The Illinois Farm Bureau (IFB) is urging federal lawmakers from Illinois to enact a farm bill this year that features must-pass support for farmers when markets and the weather turn for the worse.
In a letter sent Sept. 12 to Illinois' congressional delegation, IFB President Richard Guebert Jr. outlined the organization's priorities among the 12 titles in the five-year legislation, which is set to expire Sept. 30.
IFB's top priorities for the 2023 farm bill:
• Commodity and risk management programs: Maintain commodity and risk management programs that address drops in market prices and help farmers recover quicker from natural disasters.
• Conservation programs: Allow farmers to update their base acres and yields, and allow farmers who elect a Harvest Price Option to receive the harvest price if it is higher on prevented plant acres.

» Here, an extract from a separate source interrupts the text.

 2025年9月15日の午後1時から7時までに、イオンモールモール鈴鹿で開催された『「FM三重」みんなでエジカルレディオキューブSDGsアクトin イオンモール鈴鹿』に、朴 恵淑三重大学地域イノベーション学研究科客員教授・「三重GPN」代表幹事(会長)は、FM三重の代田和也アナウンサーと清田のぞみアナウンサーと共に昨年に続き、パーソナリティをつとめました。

• Crop insurance: Reauthorize the federal crop insurance program in its current form.
• Cover crops: Provide a $5-per-acre discount for farmers who plant cover crops, with provisions to reward early adopters.

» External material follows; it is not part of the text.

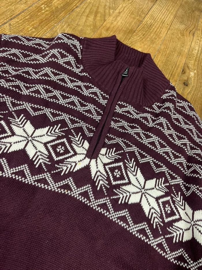 Pull maille vintage 100% coton 1/4 zip motifs bordeaux blanc 2XL XXL - photo numéro 1

• Natural Resources Conservation Service: Provide the Natural Resources Conservation Service with sufficient funding to hire more conservation engineers and grant farmers additional flexibility to harvest cover crops for livestock feed during normal growing conditions.

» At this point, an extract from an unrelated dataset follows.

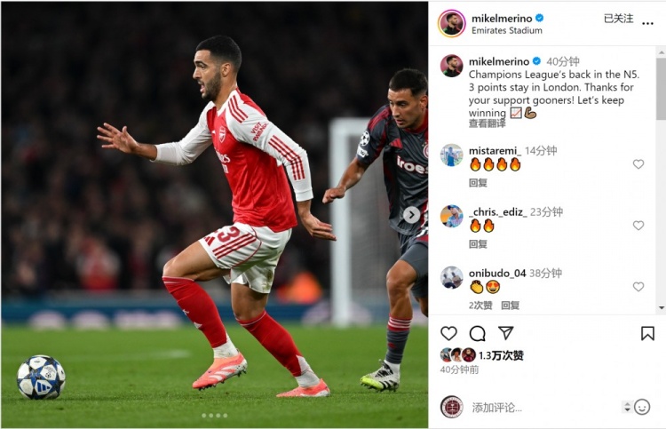 阿森纳中场梅里诺社媒晒出比赛像片,并写谈:“欧冠重回北五区,将3分留在伦敦。”

• Dairy risk management programs: Support dairy risk management programs that address negative price differentials and improvements in the Dairy Margin Coverage feed price component.
• Alfalfa prices: Provide sufficient resources to the National Agricultural Statistics Service for accurately estimating alfalfa prices.
IFB leaders have been communicating these priorities with lawmakers for months. They say that enacting a farm bill this year is essential to providing farmers with the certainty they need to plan for the future.